***** Stored data

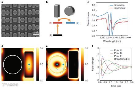 高次谐波产生(High-Harmonic Generation,HHG)首次报道于稀有气体原子中,它被认为是强场物理学的基本过程之一,也是阿秒(attosecond)光子学的核心。最近,人们在固体中发现的HHG提供了一种气体中无法实现的新型强场光子应用新方法,使我们能够直接从亚波长纳米结构中生成和控制高次谐波。全介电超表面(all-dielectricmetasurface)具有高损伤阈值和强大的驱动场增强效应,成为了控制纳米级高次谐波和其他高场过程极具吸引力的研究平台。最近,来自美国SLAC国家加速器实验室以及斯坦福大学的David A. Reis教授、HanzheLiu等人,联合斯坦福大学的ShanhuiFan教授、JelenaVučković教授等人,报道了一种硅基超表面材料中的Fano共振所导致的非微扰高次谐波增强发射(non-perturbativehigh-harmonic emission)现象,它模拟了经典的电磁感应透明现象(electromagnetically inducedtransparen-cy),谐波发射效率与未图案化的样品相比增强了两个数量级。在该研究中,增强型高次谐波是高度各向异性、依赖于激发的偏振特性,并且因其共振特征而具有激发波长的选择性。结合纳米加工技术和超快强场物理学,这里的工作为设计在高强度和短波长下工作的新型紧凑超快光子器件铺平了道路。相关研究发表在近期的《Nature Physics》上。
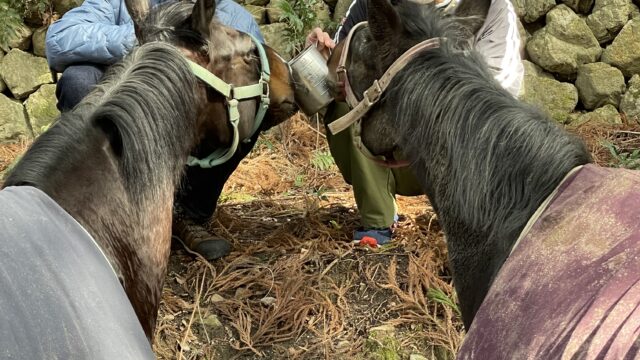 この日はお天気が良かったので、お外でお昼ご飯を食べました❣️ゴーくんはカメラ目線です💕人が食べている物がおいしそうに見えるのは、馬も同じなのか、しばらくしたらゴーくんがベリーちゃんのお茶碗の中のものをモグモグ…ベリちゃんは優しいから文句も言...
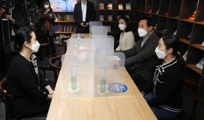 공유어린이집 관계자와 대화 나누는 오세훈 국민의힘 서울시장 후보
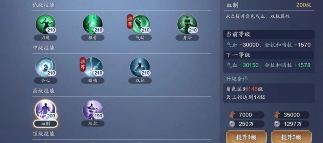 各位飞升服的少侠们好呀,当前服务器已经开放143级。本阶段体功力提升较少,全部拉满提升区间在1000左右,让我们来看下提升细节。 经武弘文功力提升:419 143级开启高级技能血制190-200级,需要消耗7万帮贡和2590万碎银,带来248点功力提升;顶级技能四维开放至190级,需要4.1万帮贡,带来51点功力提升; 特殊技能破伤、御伤各开放2级,不提升功力;穿透、抵抗各开放2级,带来120点功
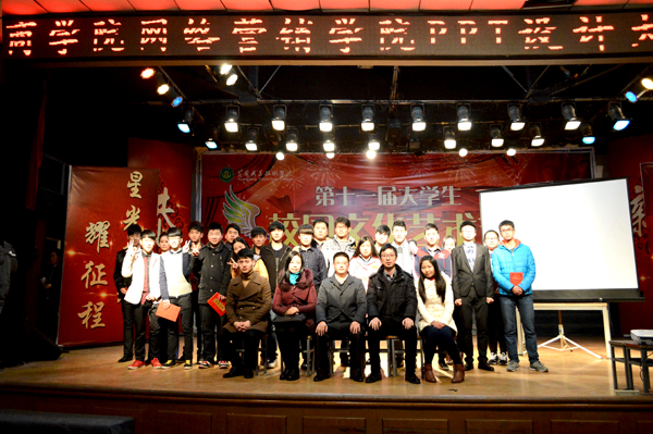 2014年12月11日18:30,由商学院网络营销学院主办的第一届PPT设计大赛决赛在大学生活动中心举行,商学院副院长罗建文出席并发表讲话。网络营销学院常务副院长姜艳平,商务系副主任兼网络营销学院副院长刘丽,武汉慧众聚成科技有限公司产品部总监兼网络营销学院教研室主任余涛,商学院团总支负责人马亚飞,网络营销学院专业讲师赵灿、王晓娟及网络营销学院全体师生参加了活动。
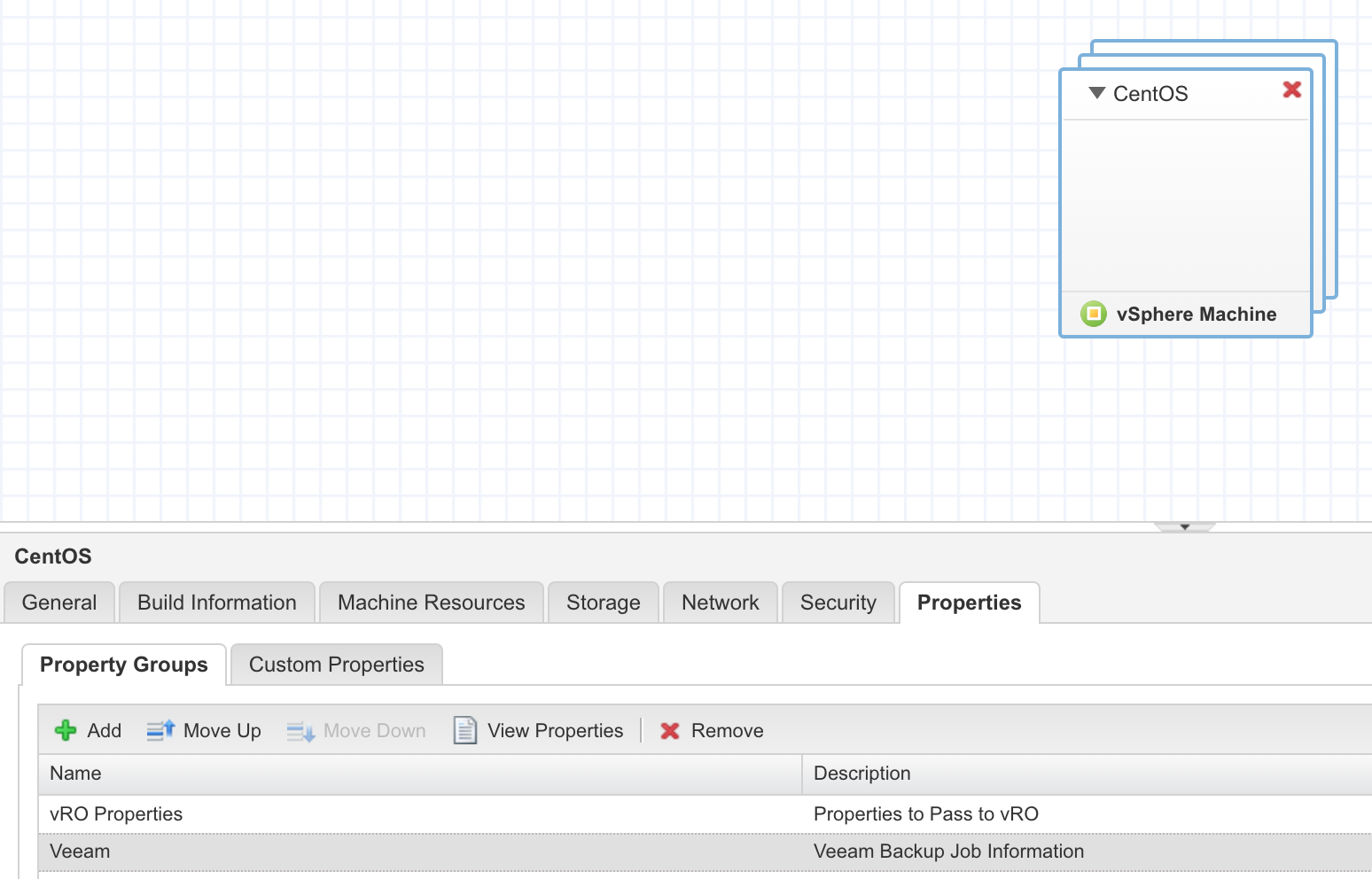From there, you can add the property group to any of your virtual machines in the design canvas. Be sure to set your vRO properties so that vRA is passing properties over to vRO during the machine provisioning events.
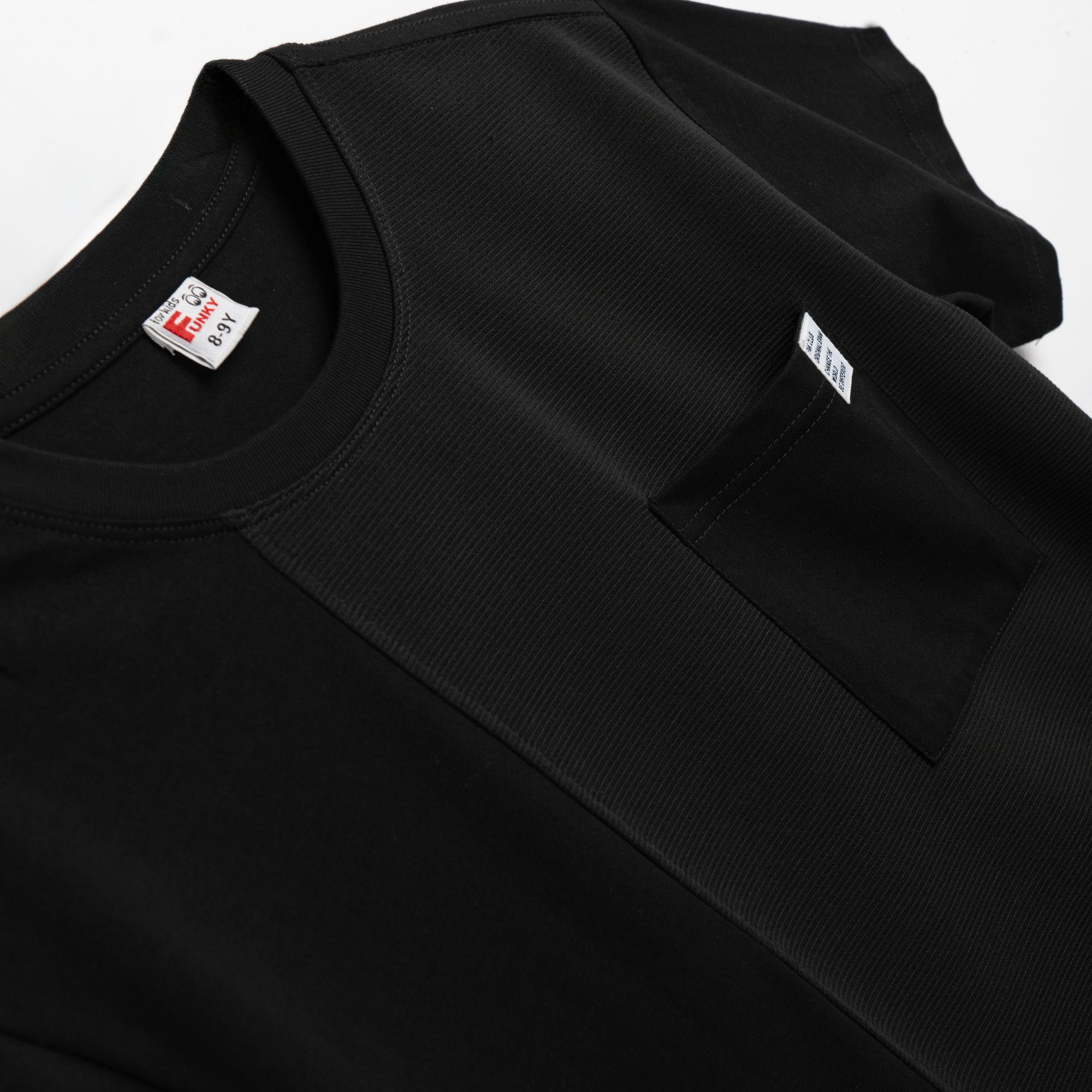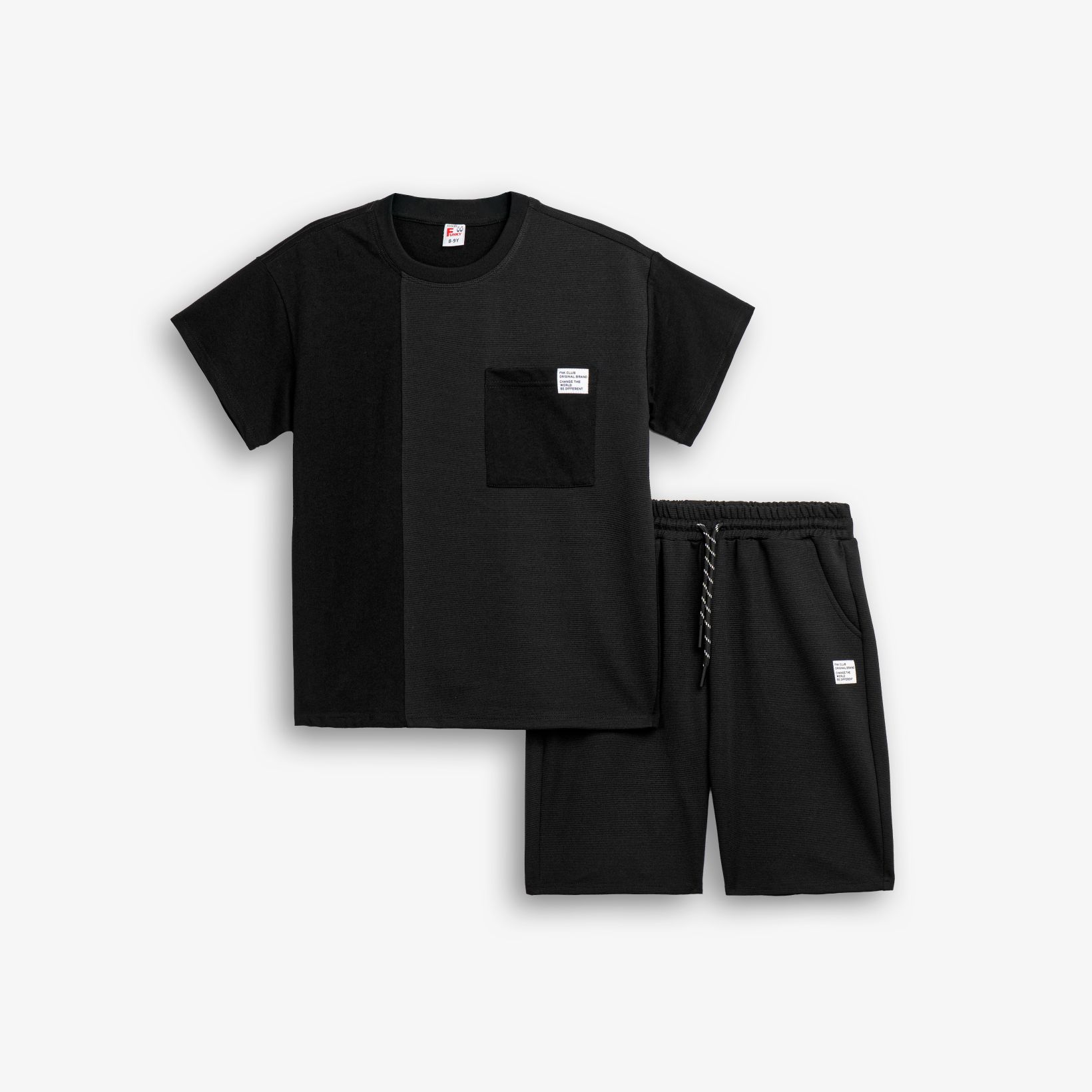 Σετ κοντομάνικη μπλούζα με τσεπάκι και βερμούδα σε χρώμα μαύρο/μαύρο για αγόρι 6-16 ετών
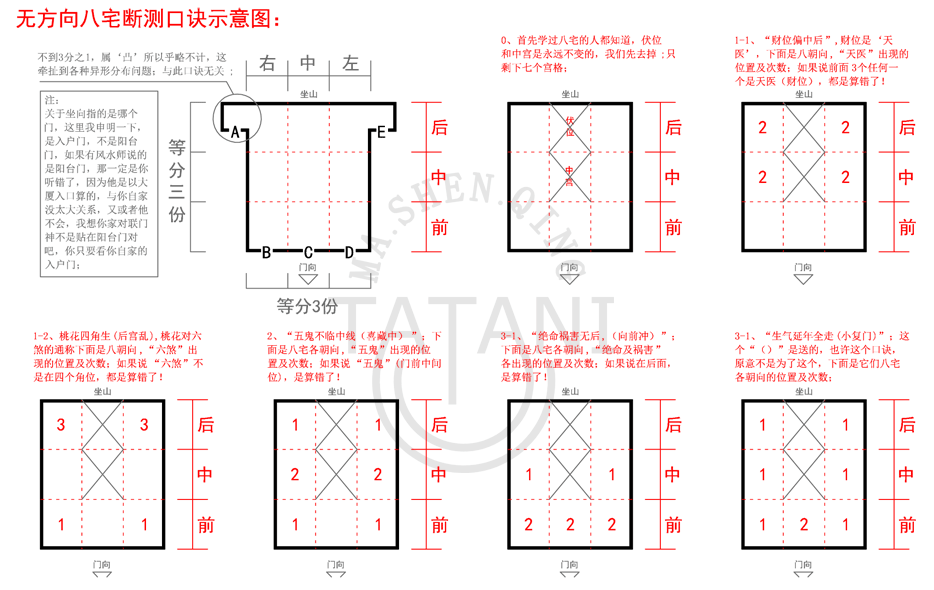 | 無方向八宅斷測歌訣:“財位布中后,四角桃花生(后宮亂);五鬼不臨中門(喜藏中);絕命禍害無后(向前沖);” | |||||||||
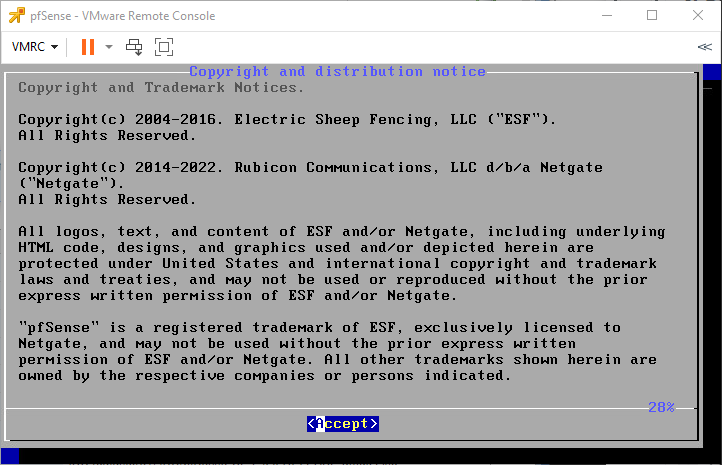 Khởi động máy ảo và bắt đầu cài đặt pfSense theo các bước dưới đây

**********

▸ Task requirements:
If an entry holds an image, omit that image and print the remainder exactly as it stands.

▸ Output:
 高次谐波产生(High-Harmonic Generation,HHG)首次报道于稀有气体原子中,它被认为是强场物理学的基本过程之一,也是阿秒(attosecond)光子学的核心。最近,人们在固体中发现的HHG提供了一种气体中无法实现的新型强场光子应用新方法,使我们能够直接从亚波长纳米结构中生成和控制高次谐波。全介电超表面(all-dielectricmetasurface)具有高损伤阈值和强大的驱动场增强效应,成为了控制纳米级高次谐波和其他高场过程极具吸引力的研究平台。最近,来自美国SLAC国家加速器实验室以及斯坦福大学的David A. Reis教授、HanzheLiu等人,联合斯坦福大学的ShanhuiFan教授、JelenaVučković教授等人,报道了一种硅基超表面材料中的Fano共振所导致的非微扰高次谐波增强发射(non-perturbativehigh-harmonic emission)现象,它模拟了经典的电磁感应透明现象(electromagnetically inducedtransparen-cy),谐波发射效率与未图案化的样品相比增强了两个数量级。在该研究中,增强型高次谐波是高度各向异性、依赖于激发的偏振特性,并且因其共振特征而具有激发波长的选择性。结合纳米加工技术和超快强场物理学,这里的工作为设计在高强度和短波长下工作的新型紧凑超快光子器件铺平了道路。相关研究发表在近期的《Nature Physics》上。
 この日はお天気が良かったので、お外でお昼ご飯を食べました❣️ゴーくんはカメラ目線です💕人が食べている物がおいしそうに見えるのは、馬も同じなのか、しばらくしたらゴーくんがベリーちゃんのお茶碗の中のものをモグモグ…ベリちゃんは優しいから文句も言...
 공유어린이집 관계자와 대화 나누는 오세훈 국민의힘 서울시장 후보
 各位飞升服的少侠们好呀,当前服务器已经开放143级。本阶段体功力提升较少,全部拉满提升区间在1000左右,让我们来看下提升细节。 经武弘文功力提升:419 143级开启高级技能血制190-200级,需要消耗7万帮贡和2590万碎银,带来248点功力提升;顶级技能四维开放至190级,需要4.1万帮贡,带来51点功力提升; 特殊技能破伤、御伤各开放2级,不提升功力;穿透、抵抗各开放2级,带来120点功
 2014年12月11日18:30,由商学院网络营销学院主办的第一届PPT设计大赛决赛在大学生活动中心举行,商学院副院长罗建文出席并发表讲话。网络营销学院常务副院长姜艳平,商务系副主任兼网络营销学院副院长刘丽,武汉慧众聚成科技有限公司产品部总监兼网络营销学院教研室主任余涛,商学院团总支负责人马亚飞,网络营销学院专业讲师赵灿、王晓娟及网络营销学院全体师生参加了活动。
From there, you can add the property group to any of your virtual machines in the design canvas. Be sure to set your vRO properties so that vRA is passing properties over to vRO during the machine provisioning events.
 Σετ κοντομάνικη μπλούζα με τσεπάκι και βερμούδα σε χρώμα μαύρο/μαύρο για αγόρι 6-16 ετών
 | 無方向八宅斷測歌訣:“財位布中后,四角桃花生(后宮亂);五鬼不臨中門(喜藏中);絕命禍害無后(向前沖);” | |||||||||
 Khởi động máy ảo và bắt đầu cài đặt pfSense theo các bước dưới đây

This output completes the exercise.